Antrim SFC
- Season: 2016
- Champions: Erin's Own Cargin
- Relegated: All Saints St Brigid's
- Winning Captain: Kevin O'Boyle (Erin's Own Cargin)

= 2016 Antrim Senior Football Championship =

Gaelic football competition

The 2016 Antrim Senior Football Championship is the 115th official edition of Antrim GAA's premier club gaelic football tournament for senior clubs in County Antrim. The tournament consists of 12 teams with the winner representing Antrim in the Ulster Senior Club Football Championship. The championship has a straight knock-out format.

All Saints, St Brigid's and St Joseph's Glenavy returned to the senior championship in 2016.

Eirn's Own Cargin (Clann na hÉireann, Carraigín) were the defending champions after they defeated Lámh Dhearg 2–11 to 1–5 in the 2015 final. They successfully defended their title to claim a "2-in-a-row" of championships on 16 October 2016 at Corrigan Park when defeating St Gall's on a scoreline of 1–10 to 0–6.
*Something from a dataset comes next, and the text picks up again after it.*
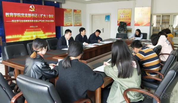 为了进一步贯彻落实全省教育系统全面从严治党工作会议精神,2018年4月19日下午,亚盘赔率党总支在三楼会议室召开党支部书记(扩大)会议,传达学习全省教育系统和学校全面从严治党工作会议精神。党总支书记邓天鹏主持会议,各党支部书记、支部委员参加会议。

==Promoted to SFC from IFC in 2015==
- St Joseph's Glenavy - (IFC Champions)
- All Saints
- St Brigid's

==Relegated from SFC to IFC in 2015==
- St James' Aldergrove
- St Paul's

==Round 1==
8 of the 12 senior clubs play in this round. The 4 winners proceed to the quarter-finals to play the 4 teams who received byes in Round 1. The 4 losers exit the championship.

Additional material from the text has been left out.